To date, Perseverance has collected a total of 25 samples, including duplicates and atmospheric samples, plus three "witness tubes" that capture possible contaminants around the rover. Eight duplicate rock samples plus an atmospheric sample and witness tube were deposited in the so-called Three Forks cache on the surface of Jezero as a backup in case the rover suffers problems and the onboard samples can't be retrieved. The other 15 samples — including the Cheyava Falls sample collected July 21 — remain aboard the rover awaiting recovery.

Shuster was part of a team that analyzed the first eight rock samples collected, two from each site on the crater floor, all of which were igneous rocks likely created when a meteor impact smashed into the surface and excavated the crater. Those results were reported in a 2023 paper, based on analyses by the instruments aboard Perseverance.

The new paper is an analysis of seven more samples, three of them duplicates now cached on Mars' surface, collected between July 7 and November 29 of 2022 from the front of the western sediment fan in Jezero. Bosak, Shuster and their colleagues found the rocks to be composed mostly of sandstone and mudstone, all created by fluvial processes.

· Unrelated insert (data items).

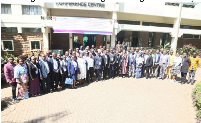
The 5th Annual Theological Symposium Group Photo 2024

In 2024, the AACC held its 5 th Annual Theological symposium on the theme: Role of Governments' Regulation on Churches and Religious Institutions in Africa . This was successfully held on October 28 th – November 1 st 2024, at Desmond Tutu Conference Center (DTCC) Nairobi, Kenya. It brought together 60 participants, including theologians, church leaders, policymakers, and representatives from across Africa. It sought to explore the balance between governmental oversight and religious autonomy. The symposium aimed to evaluate
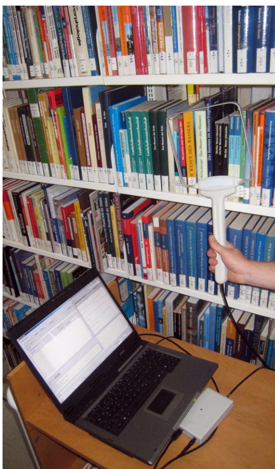
Figure 1 Example of an inventory setting

In the year 2008 colleagues of our library compared two RFID mobile-devices (provided by the German company FEIG) to manage an inventory from the same company. Correspondent to the Danish data model (ISO 28560-3:2011) the reader read the accession number as reference information of each copy or multimedia package. Both devices attained the same results in the detection rate. We went along the book-spine in the shelf with a speed of one metre in five seconds and reached detection rates of almost 95 percent. But these results fluctuated by an average of 60 to 80 percent as detection rate and could not be stabilized. So we decided in that year to manage our stocktaking by the classical way to compare printed lists of non-borrowed media with its existence amid the shelves. It was the first stocktaking since the foundation of our Technical University of Applied Sciences. For all this procedures we required half a year and got the information of 920 missing items.
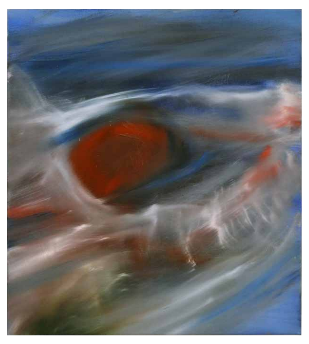
237 Hackney Road, London, E2 8NA

Exhibition: 28.09.2022 - 19.10.2022 Visit by appointment. Contact us by email or instagram.
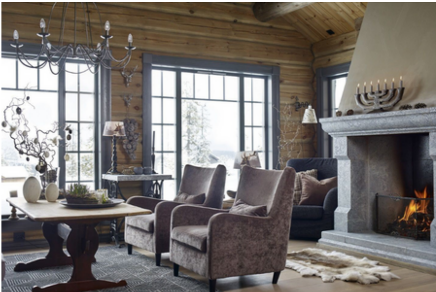
Enjoy relaxing family time in a fully furnished Skeikampen apartment.

Only 38 km northwest of the Olympic City Lillehammer, Skeikampen resort consists of a small ski village offering excellent accommodation sites in the idyllic landscapes, welcoming restaurants, and charming cafes to indulge in.
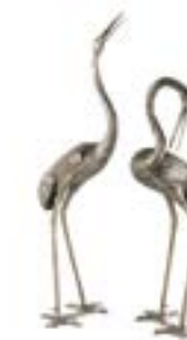
OBJ-256CA / OBJ-256CAA HERON Small decorative herons in bronze with silver finish. 50 x 25 x h 164 cm 50 x 25 x h 134 cm
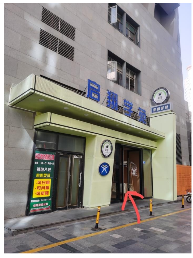
Picture 2: Take the escalator (Main Hall of Kai Cheung College) up to the third floor -Blue Sky Education)
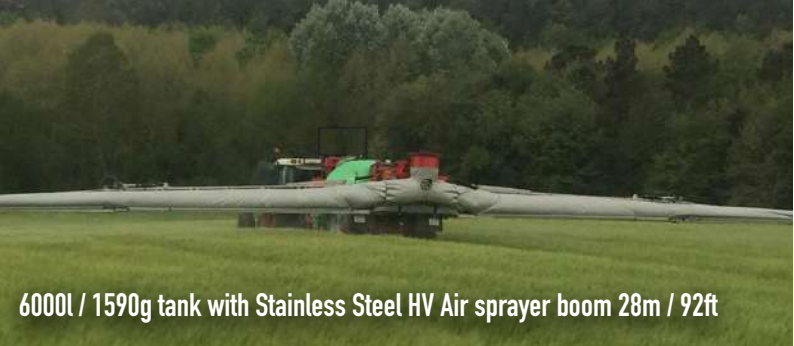
6000l / 1590g tank with Stainless Steel HV Air sprayer boom 28m / 92ft
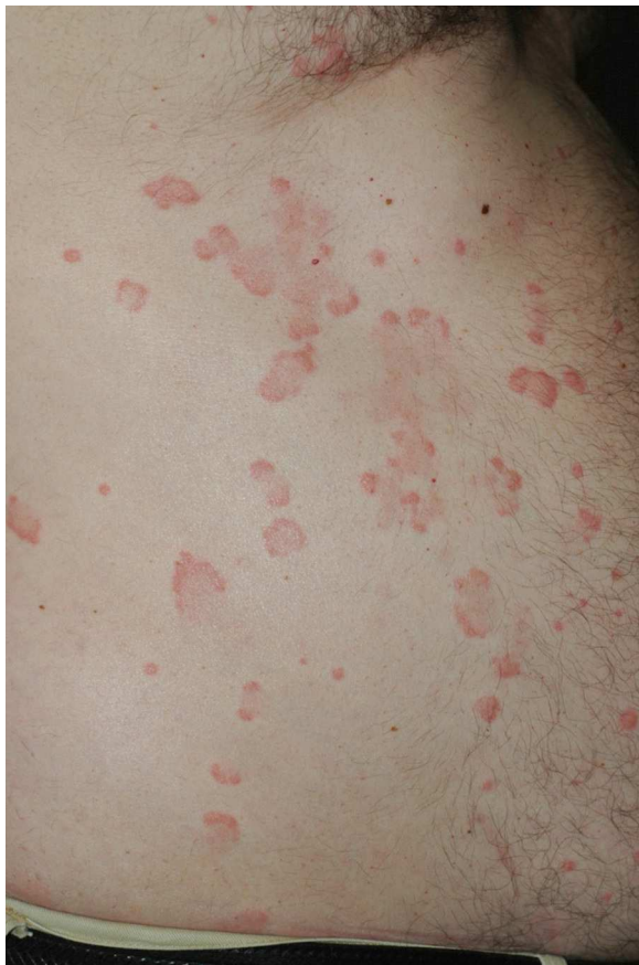
Figure 1 Urticarial plaques with purpuric borders on the trunk.

The lesions lasted for over 24 hours in 14 patients (93%) including all 7 patients with low complement levels. They
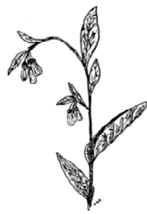
COMFREY (Symphytum Officinale).
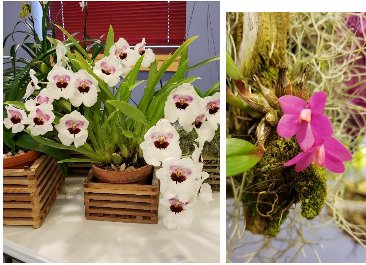
Mps. Rogue Valley 'Burgundy Blush' and Den. laevifolium
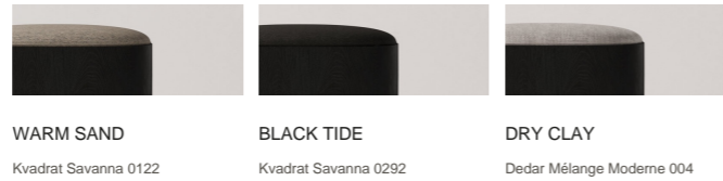
WARM SAND Kvadrat Savanna 0122
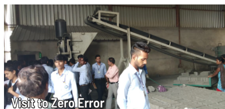
Visit to ZeroError
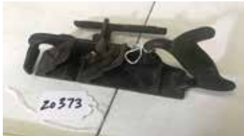
Lot#20373. Keen Kutter No K78 Duplex Plane
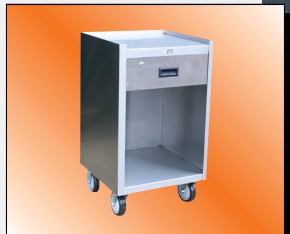
Model YD Shown
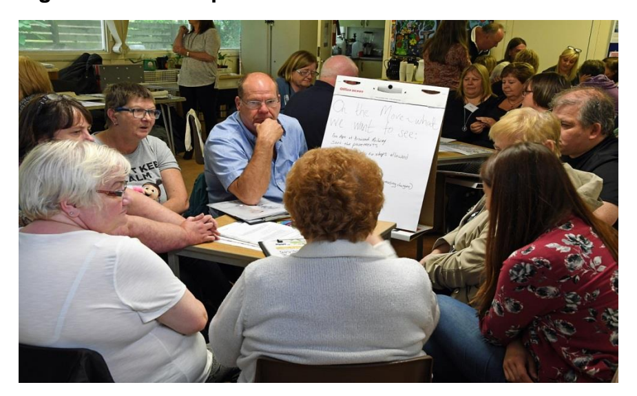
Figure 3: future aspirations

Participants worked in their groups, to identify what they would like to see happen in the area to support a thriving community hub, See Figure 3 below. They based these discussions on the dialogue and discussion generated in commenting on and scoring the area against the Place Standard themes.
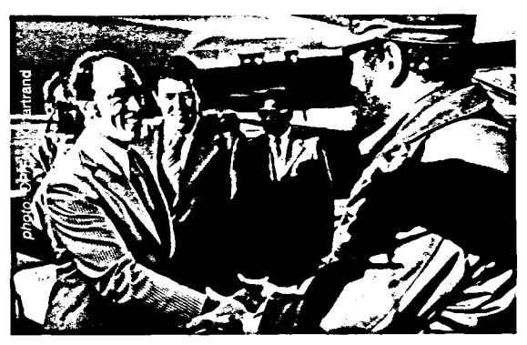
Pierre Trudeau visits Havana in 1976.
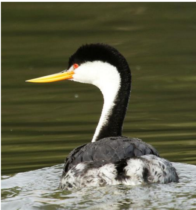
A Western Grebe in Anderson Marsh during the May 5 Heron Days event.
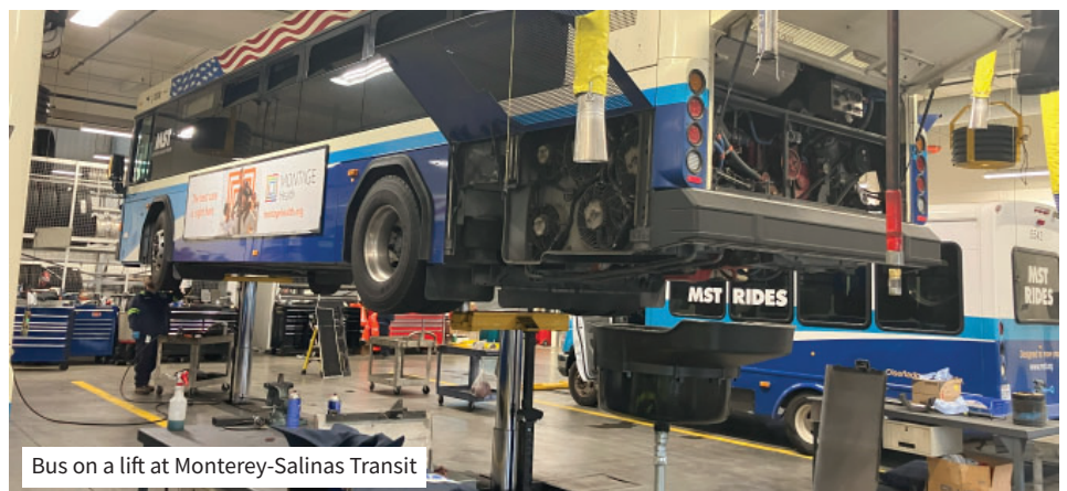
Bus on a lift at Monterey-Salinas Transit
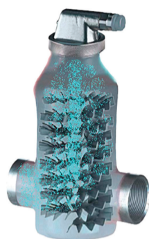
The new Zeparo Deaerator showing the Helicoidal insert
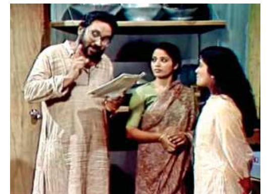
In the show 'Ekdin Hothath'.

Some other notable television projects of Aly Zaker include "Deyal", "Tothapi", "Ghoroawarir Shopno", "Goni Miar Pathor", "Nitu Tomake Bhalobashi", and "Pandulipi" among others.
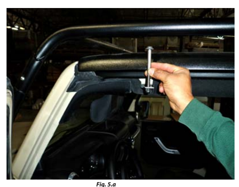
Step 5: Using the two (2) long bolts with acorn nuts and washers that were provided. Drive them in through the top front corners through the rollbar. Use these to tighten down the front corners to your Jeep. (Fig. 5.a)

Step 6: Using a 7/32" allen wrench and a 5/8" (16mm) wrench tighten down the bolt so that the top ends up even and flush with the Jeep. (Fig. 5.b)
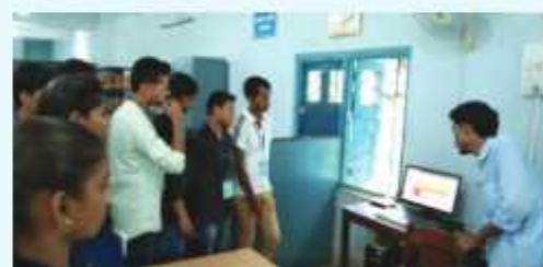
Library Orientation Programme
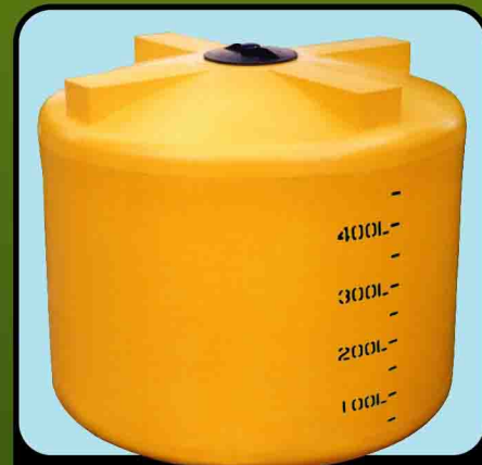
CPE Tank - with dome top
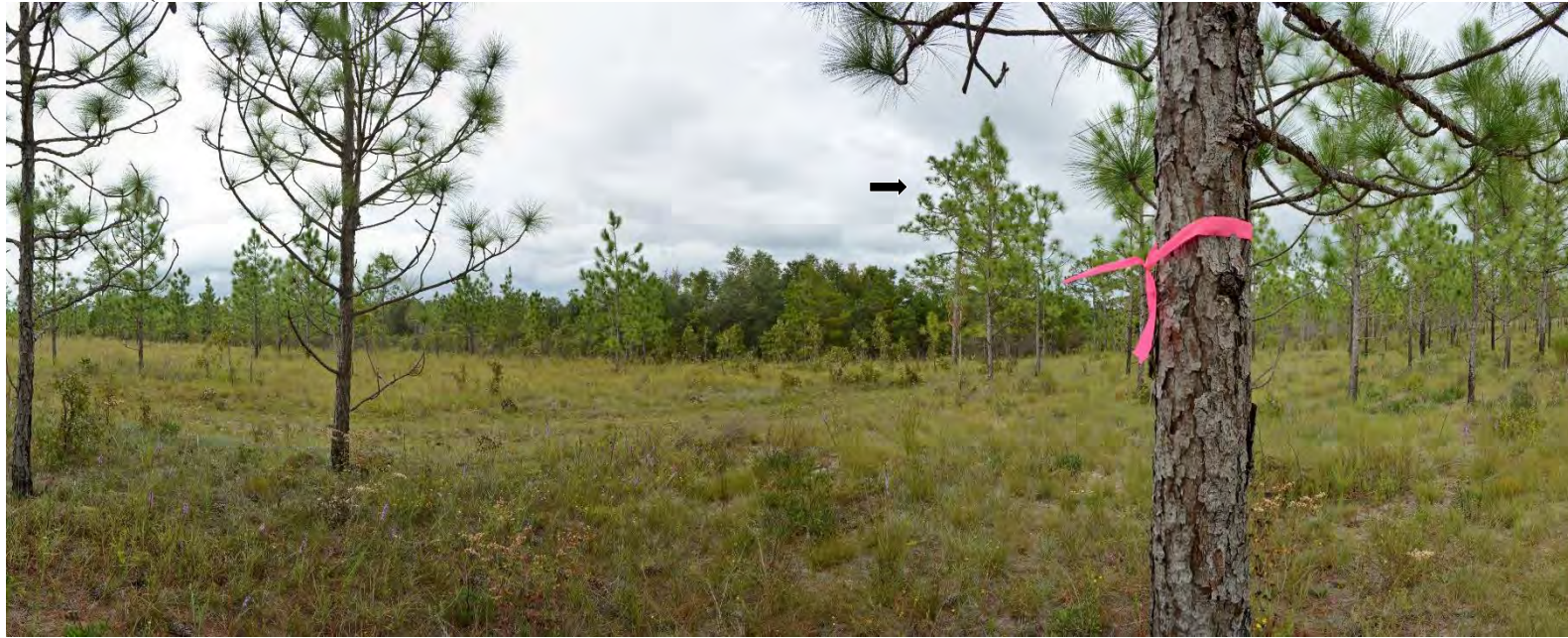
T3 – 2023 (9/26/2023)

"Perseverance encountered aqueously deposited sedimentary rocks at the front, top and margin of the western Jezero fan and collected a sample suite composed of eight carbonate-bearing sandstones, a sulfate-rich mudstone, a sulfate-rich sandstone, a sand-pebble conglomerate," Bosak said. "The rocks collected at the fan front are the oldest, whereas the rocks collected at the fan top are likely the youngest rocks produced during aqueous activity and sediment deposition in the western fan."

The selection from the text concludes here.